*** SOURCE DATA Section Begins ***

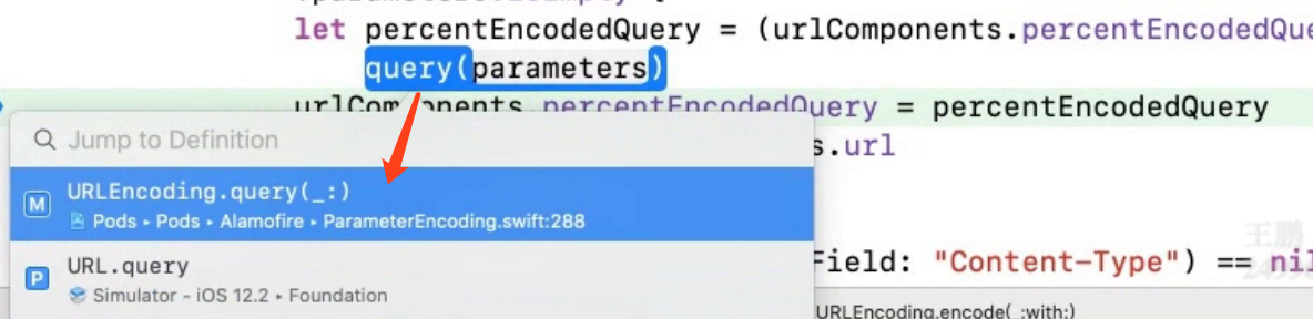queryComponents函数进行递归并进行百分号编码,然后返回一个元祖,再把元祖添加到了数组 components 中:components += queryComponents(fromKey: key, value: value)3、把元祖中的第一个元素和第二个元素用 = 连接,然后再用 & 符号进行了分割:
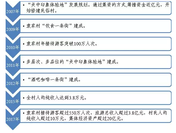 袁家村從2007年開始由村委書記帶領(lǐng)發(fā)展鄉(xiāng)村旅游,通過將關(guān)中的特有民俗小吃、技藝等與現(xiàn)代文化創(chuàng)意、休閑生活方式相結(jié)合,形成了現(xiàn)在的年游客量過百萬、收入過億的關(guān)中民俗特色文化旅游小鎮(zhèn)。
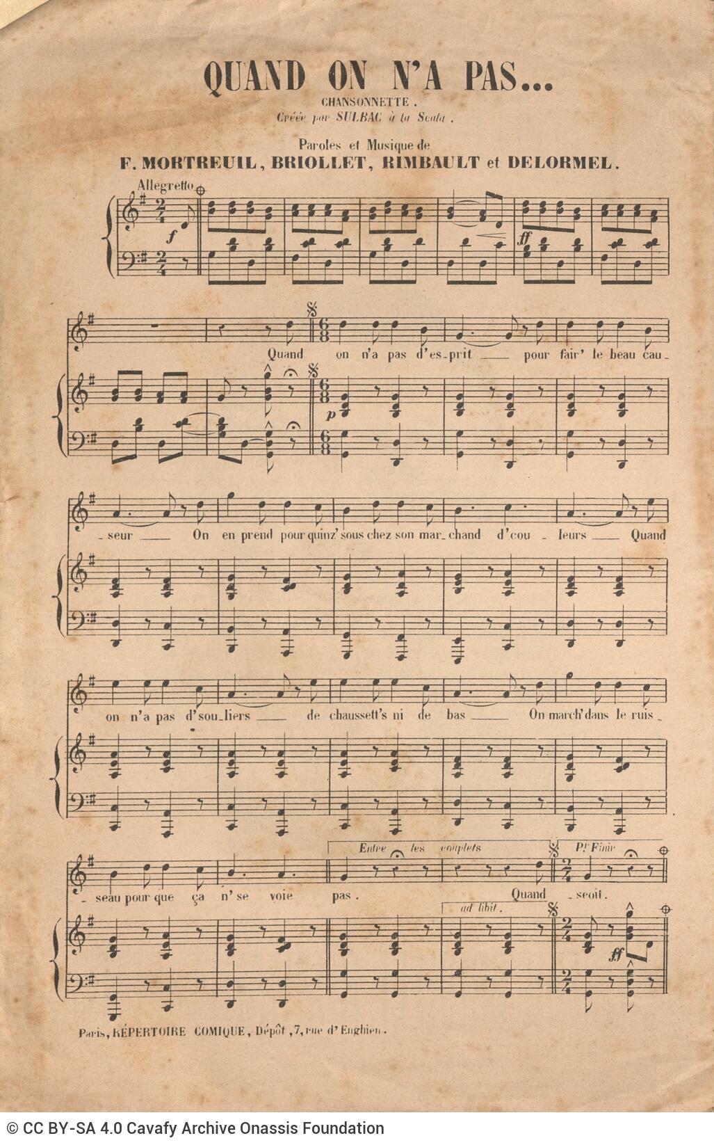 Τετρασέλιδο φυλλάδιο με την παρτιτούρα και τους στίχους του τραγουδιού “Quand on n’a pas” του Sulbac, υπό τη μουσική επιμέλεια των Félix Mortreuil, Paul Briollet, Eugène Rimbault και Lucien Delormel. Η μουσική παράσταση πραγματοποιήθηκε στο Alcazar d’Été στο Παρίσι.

*** SOURCE DATA Section Ends ***

> _INSTRUCTIONS FOR THE TASK_
The lines above should be transcribed exactly, with every image removed.

> _EXERCISE OUTPUT_
queryComponents函数进行递归并进行百分号编码,然后返回一个元祖,再把元祖添加到了数组 components 中:components += queryComponents(fromKey: key, value: value)3、把元祖中的第一个元素和第二个元素用 = 连接,然后再用 & 符号进行了分割:
 袁家村從2007年開始由村委書記帶領(lǐng)發(fā)展鄉(xiāng)村旅游,通過將關(guān)中的特有民俗小吃、技藝等與現(xiàn)代文化創(chuàng)意、休閑生活方式相結(jié)合,形成了現(xiàn)在的年游客量過百萬、收入過億的關(guān)中民俗特色文化旅游小鎮(zhèn)。
 Τετρασέλιδο φυλλάδιο με την παρτιτούρα και τους στίχους του τραγουδιού “Quand on n’a pas” του Sulbac, υπό τη μουσική επιμέλεια των Félix Mortreuil, Paul Briollet, Eugène Rimbault και Lucien Delormel. Η μουσική παράσταση πραγματοποιήθηκε στο Alcazar d’Été στο Παρίσι.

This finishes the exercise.